« The Wrenchies » par Farel Dalrymple

Il y a des bandes dessinées qui redonnent sa valeur à ce que d’aucuns appellent la culture de l’imaginaire ; des œuvres faisant de l’imagination non pas un style mais l’un des acteurs effectifs de sa nature fictionnelle… Dans ce roman graphique de 300 pages, Farel Dalrymple utilise une narration à tiroirs où s’entrechoquent réalité et fiction, présent et futur, enfance et âge adulte, dans un questionnement sur la construction de notre place en ce monde tout autant que sur le rôle des créateurs et des lecteurs…
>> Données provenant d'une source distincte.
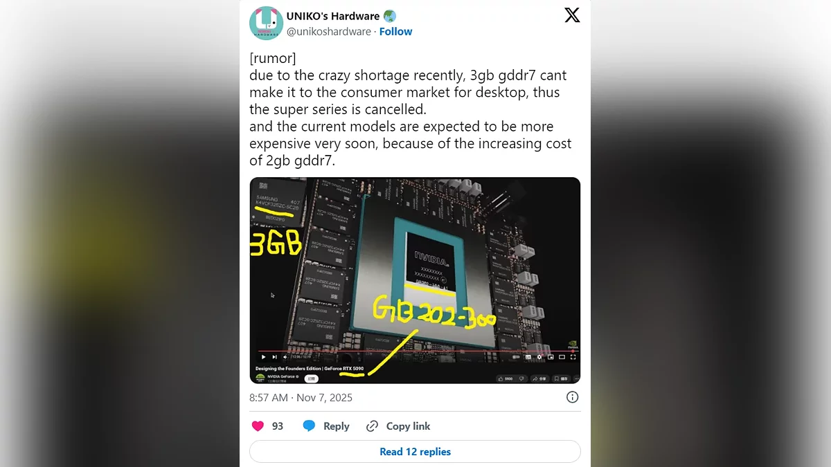Спочатку вважалося, що саме ці чіпи пам'яті стануть ключовим покращенням для майбутніх моделей RTX 5080 SUPER, RTX 5070 Ti SUPER та RTX 5070 SUPER. Вони дозволили б значно збільшити відеопам'ять без зміни шини: до 24 ГБ для старших моделей і до 18 ГБ для молодшої, однак, як з'ясувалося, доступні запаси 3ГБ GDDR7 тепер направлять на інші продукти — наприклад, на мобільну RTX 5090 для ноутбуків і професійні моделі RTX PRO 6000 Blackwell, де прибуток вищий.
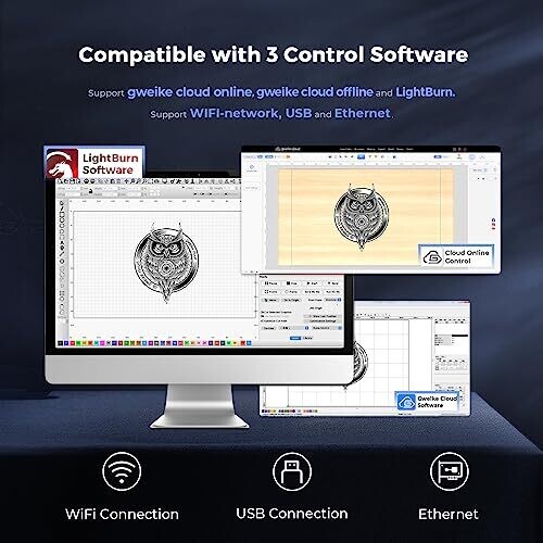 compatible with LightBurn, CorelDRAW, Photoshop, AutoCAD; design upload via Wi‑Fi, USB, and Ethernet.

Alors évidemment, quand on lit l’accroche éditoriale reprenant la critique de Mike Mignola sur cet album (« Fabuleux. Le dessin est magnifique, les personnages géniaux – il y a à peu près tout ce que je pourrais attendre d’un roman graphique. »), on se dit : « Bon, ouais, qu’écrire après ça ? » Alors évidemment, on peut se dire que ce n’est pas parce que Mignola affirme quelque chose que c’est forcément parole d’évangile – il est bien placé pour parler, certes, mais même les plus grands peuvent avoir leurs petites coquetteries incompréhensibles. Et puis évidemment, quand on lit « The Wrenchies », on se rend compte qu’outre les goûts de chacun, Mignola ne s’est pas trompé. Avec ce roman graphique (un terme que je mets plutôt en veilleuse généralement, car il ne veut plus rien dire à force de l’associer à n’importe quelle bande dessinée de plus de 48 pages, mais ici c’est le cas), Dalrymple explore les méandres de la fiction, de ses créateurs, de ses créatures et de son public à travers une fable SF qui revêt aussi le visage d’un conte initiatique… Débutant sur le thème du terrier d’« Alice » et développant une aventure fantastique, cette œuvre bascule ensuite plusieurs fois dans des strates de réalités différentes finissant par se rejoindre pour échafauder le dénouement ; mais entre le début et la fin, il se sera passer bien des choses qui vont ouvrir – de manière kaléidoscopique et en utilisant la mise en abîme – d’autres regards et d’autres compréhension sur ce qu’on est en train de lire.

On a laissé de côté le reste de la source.